Intraoperative image guidance
The more commonly available and routinely used tool for intraoperative image guidance is neuronavigation (NN), which are based on preoperative imaging. NN is an excellent tool for surgical planning and identification of the lesion and the surrounding vital structures but suffers from major limitations.
The evidence supporting the use of image guidance systems in surgery remains limited. New augmented reality systems offer the possibility of enhanced operating room workflow compared with existing triplanar image displays, but recent studies have highlighted several concerns, particularly the risk of inattentional blindness and impaired depth perception.
New augmented reality platforms incorporating always-on wire mesh and on-demand inverse realism might improve surgical performance, at least in novice surgeons. All image display modalities, including existing triplanar display, carry a risk of inattentional blindness 1).
As minimally invasive surgery becomes the standard of care in neurosurgery, it is imperative that surgeons become skilled in the use of image-guided techniques.
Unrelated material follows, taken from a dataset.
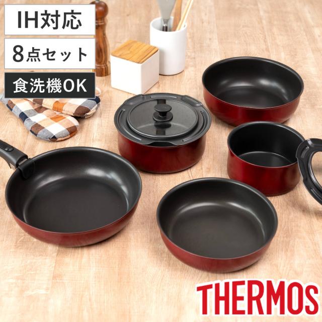 サーモスの、フライパン22cm・フライパン26cm・深型炒め鍋24cm・鍋16cm・鍋18cm・鍋フタ2種・取り外しのできる専用取っ手の8点セットです。炒める・煮る・焼くの基本的な調理ができます。IHにも対応しています。

The development of image-guided neurosurgery represents a substantial improvement in the microsurgical treatment of tumors, vascular malformations, and other intracranial lesions.
Neuronavigation systems and intraoperative imaging should improve success in cranial neurosurgery. Additional functional imaging modalities such as PET, SPECT, DTI (for fiber tracking), and fMRI can now be used in order to reduce neurological deficits resulting from surgery; however the positive long-term effect remains questionable for many indications.
To date significant data amount show advantages in intraoperative accuracy influencing the perioperative morbidity and long-term outcome only for cerebral glioma surgery 2).
Despite its widespread availability and success in open cranial neurosurgery, image-guidance technology remains more limited in use in open spinal procedures, in large part because of patient registration challenges.
In a study, Ji et al. evaluated the feasibility of using intraoperative stereovision (iSV) for accurate, efficient and robust patient registration in open spinal fusion surgery. Geometrical surfaces of exposed vertebrae were first reconstructed from iSV. A classical multi-start registration was then executed between point clouds generated from iSV and preoperative CT (pCT) images of the spine. With two pairs of feature points manually identified to facilitate the registration, an average registration accuracy of 1.43 mm in terms of surface-to-surface distance error was achieved in 8 patient cases using a single iSV image pair sampling 2-3 vertebral segments. The iSV registration error was consistently smaller than the conventional landmark approach for every case (average of 2.02 mm with the same error metric). The large capture ranges (average of 23.8 mm in translation and 46.0 deg in rotation) found in the iSV patient registration suggest the technique may offer sufficient robustness for practical application in the operating room. Although some manual effort was still necessary, the manually-derived inputs for iSV registration only needed to be approximate as opposed to be precise and accurate for the manual efforts required in landmark registration. The total computational cost of the iSV registration was 1.5 min on average, significantly less than the typical ~30 min required for the landmark approach. These findings support the clinical feasibility of iSV to offer accurate, efficient and robust patient registration in open spinal surgery, and therefore, its potential to further increase the adoption of image-guidance in this surgical specialty 3).